Dataset records>
◇ ◇ ◇ ◇ ◇ ◇ ◇

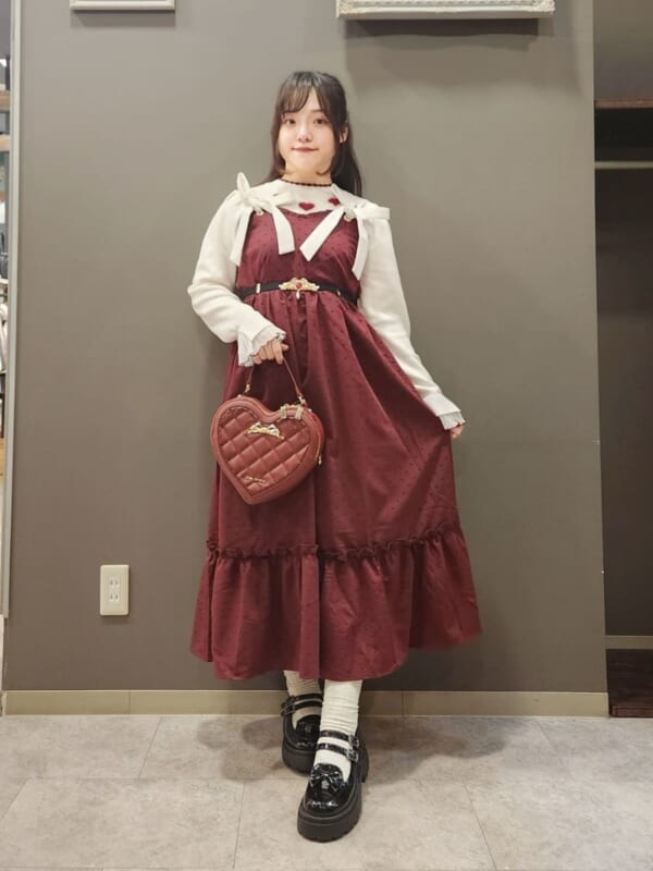 ワンピースはフロッキープリントのハートドット柄が可愛いジャンパースカートです!
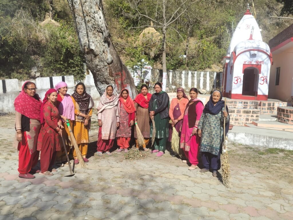 बाघल टुडे (अर्की):- उपमण्डल अर्की के देवरा पंचायत की महिला मंडल जखौली द्वारा सफाई अभियान चलाया गया। इस दौरान मंडल की महिलाओं ने जखौली गांव के शिव मंदिर परिसर के आस पास फैले कूड़े कर्कट को इकठ्ठा कर कूड़ेदान में डाला। महिला मंडल जखौली की प्रधान रोशनी भारद्वाज ने कहा कि शिवरात्रि से पूर्व आज सभी महिलाओं ने मंदिर परिसर के आसपास स्वच्छता अभियान चलाया।
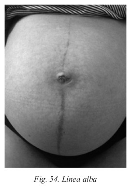 Estos cambios de pigmentación son más frecuentes en las mujeres de piel morena y en zonas como la línea de alba (Fig. 54), la vulva, la areola y los pezones.
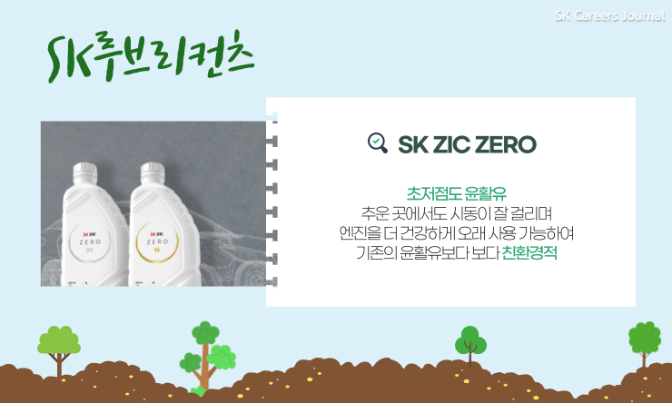 SK루브리컨츠는 2019년 11월 국내 업계 최초로 하이브리드 차량에 적합한 차세대 윤활유, 신제품 ZIC ZERO 다섯 종류를 출시하고 친환경 윤활유 시장을 선도하고 있습니다. ZIC ZERO는 기존 ZIC 대비 연비효과가 3~5% 정도 높고, SK루브리컨츠가 세계 최초로 독자 개발한 이온 액체를 활용한 제로 테크 기술이 접목된 초저점도 윤활유예요. 이러한 초저점도 윤활유는 기존 GR-3를 사용한 운활유보다 더 추운 곳에서 시동이 잘 걸리고, 엔진을 더 건강하게 오래 사용할 수 있다는 점에서 조금 더 친환경적이라고 볼 수 있답니다.
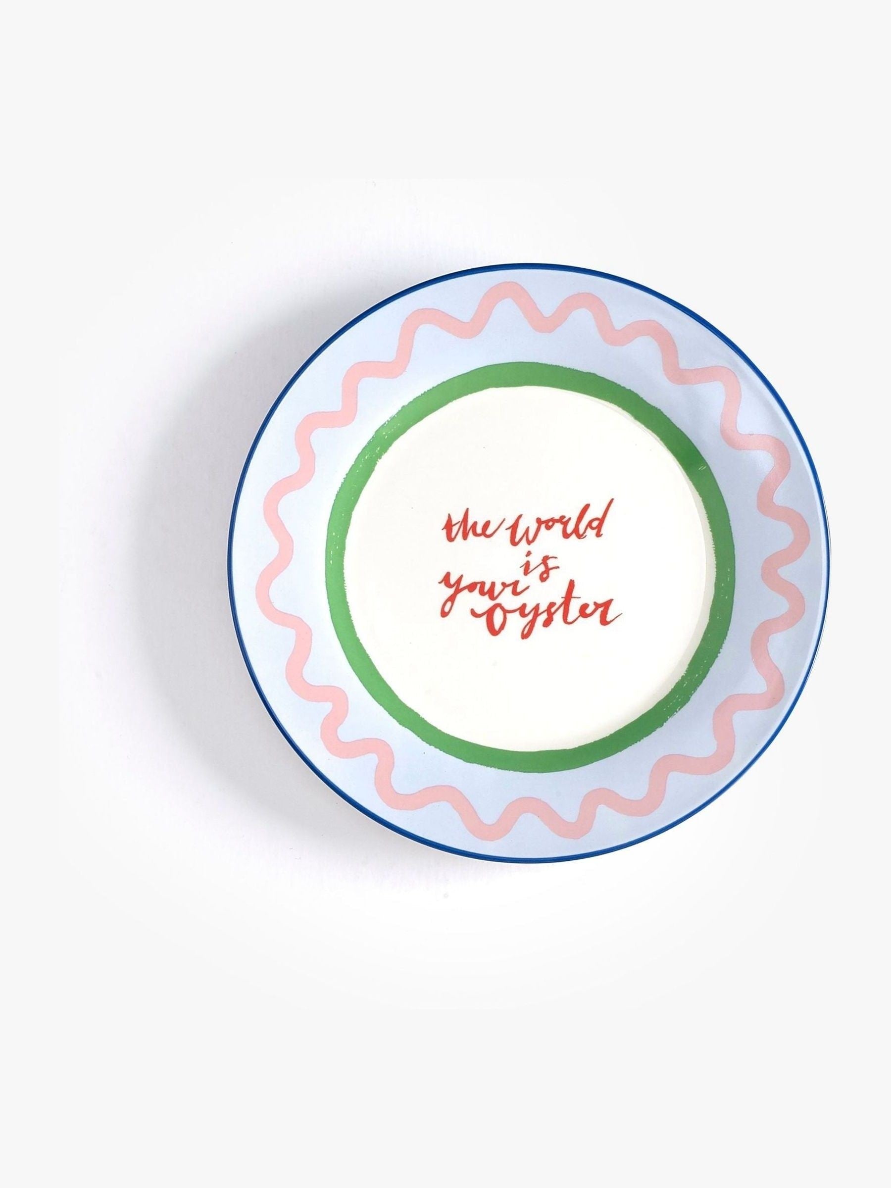 Introducing the pearl-fect new addition to your dinnerware collection. From British designer Eleanor Bowmer, the Electric Coast side plate features hand-illustrated squiggle designs and is complete with a The World is Your Oyster slogan.

◇ ◇ ◇ ◇ ◇ ◇ ◇

Leave out the pictures and copy exactly the lines from the one with "SK루브리컨츠는 2019년 11월" through the last line of the records above.

Result>
 SK루브리컨츠는 2019년 11월 국내 업계 최초로 하이브리드 차량에 적합한 차세대 윤활유, 신제품 ZIC ZERO 다섯 종류를 출시하고 친환경 윤활유 시장을 선도하고 있습니다. ZIC ZERO는 기존 ZIC 대비 연비효과가 3~5% 정도 높고, SK루브리컨츠가 세계 최초로 독자 개발한 이온 액체를 활용한 제로 테크 기술이 접목된 초저점도 윤활유예요. 이러한 초저점도 윤활유는 기존 GR-3를 사용한 운활유보다 더 추운 곳에서 시동이 잘 걸리고, 엔진을 더 건강하게 오래 사용할 수 있다는 점에서 조금 더 친환경적이라고 볼 수 있답니다.
 Introducing the pearl-fect new addition to your dinnerware collection. From British designer Eleanor Bowmer, the Electric Coast side plate features hand-illustrated squiggle designs and is complete with a The World is Your Oyster slogan.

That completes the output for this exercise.